On the MMI day, a group of candidates rotated through five, two-examiner stations, each lasting 10 minutes and consisting of 5 minutes for the PBQ and then 5 minutes for the SQ. There was a one-minute break between the stations. On all 3 MMI days, the session began at 9:00 am, and finished within the same morning depending on the number of candidates. To implement the selection procedure smoothly and uniformly on all 3 days, a combination of two examiners (a pair), for a given station was fixed. After completion of all MMI stations, each candidate met programme directors (not the MMI examiners) of applying specialties.

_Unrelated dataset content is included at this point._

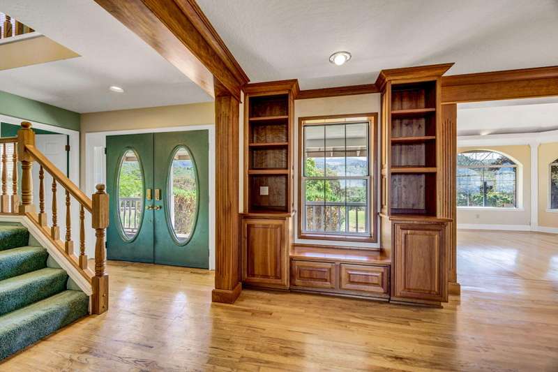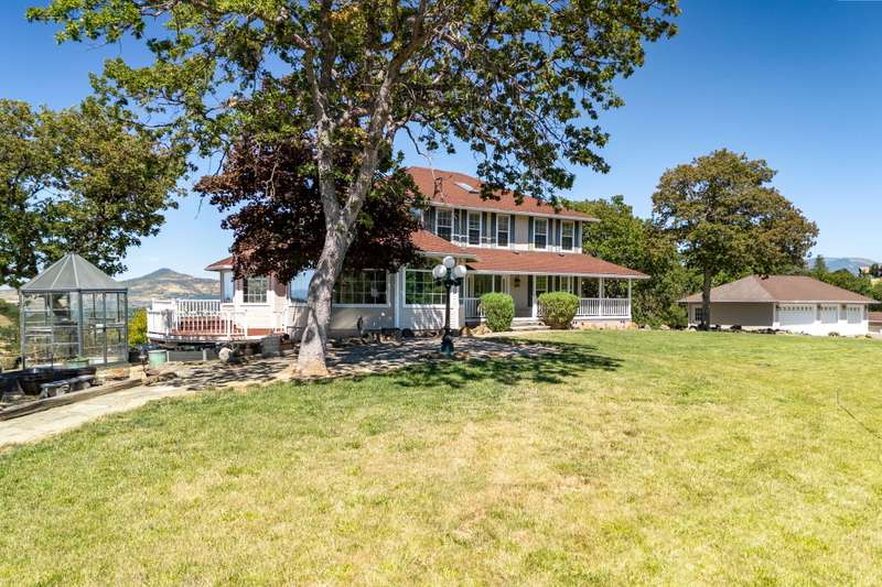 Southern Oregon Dream Ranch! Barn/shop, Playhouse & detached office w/loft space & slider & 4 car garage. Home sits up on a knoll that has amazing views of the Rogue Valley, & tons of windows to take in the views. Lg sunroom, Library w/ wood stove & built ins, wood floors. Kitchen with Cherrywood cabinet's w/pull outs, slate floors convection oven, 4 door refrige, dual fuel oven. Master on the main level, walk in closet, lg shower, sauna, dbl sinks, French doors to covered deck. Lg family rm upstairs w/2 bdrms & full bathroom w/claw foot tub tile floor and ½ bath. Lg laundry rm with laundry chute & storage. Downstairs would make a great work out rm or office with lots of windows & door to outside. Gated entry. Owner Carry Terms Available.
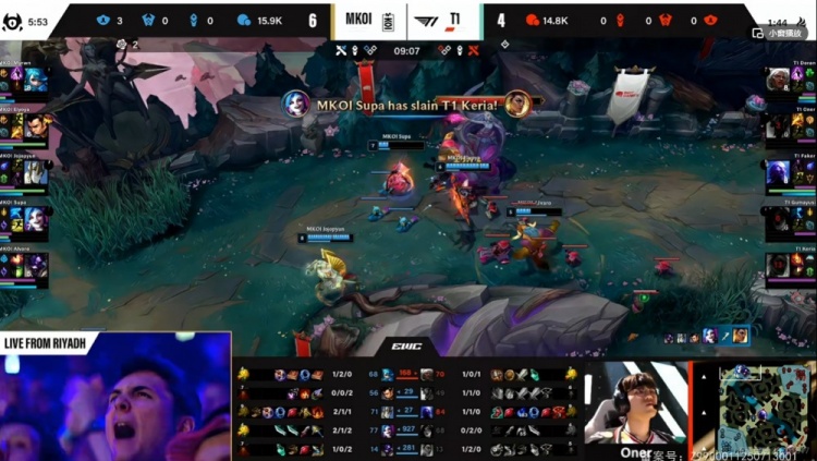 【8:52】双方同步越塔,Oner巨魔越塔配合Doran安蓓萨失误自己白给,上路KOI四越二则是直接强杀掉了T1下路组!这波相当于KOI打了个0换3!

This final 30-minute informal session was held for recruitment, rather than for selection purposes, as it provided detailed information about the programme and answers to candidates’ questions.

Post-MMI surveys

At the end of the whole schedule, all candidates and examiners were asked to complete an anonymous brief quantitative and qualitative post-MMI survey. The survey items probed: the candidates’ satisfaction with the abilities that were assessed, and the examiners’ opinion about the accuracy of assessing these abilities based on the PBQ and the SQ formats, as well as based on the overall examination; adequacy of time for the both formats; comparison of easiness of answering or questioning both formats; and fairness of the MMI on the whole, compared to the previously experienced selection SSPI. All responses were recorded using a 4-point Likert scale, with 1, 2, 3, and 4 indicating disagree, rather more in disagreement, rather more in agreement, and agree, respectively. Space for free comments was added. Both candidates and examiners were informed that individual survey answers would be kept confidential, and survey results would never affect any selection decision.

Data analyses

The MMI scores were analysed with mGENOVA software (Version. 2.1) for multivariate Generalisability (G) and Decision (D) studies. The multivariate model for each PBQ and SQ format was:

c·×e·:s·

c: candidate, e: examiners, s: stations, •: ratings (the fixed facet)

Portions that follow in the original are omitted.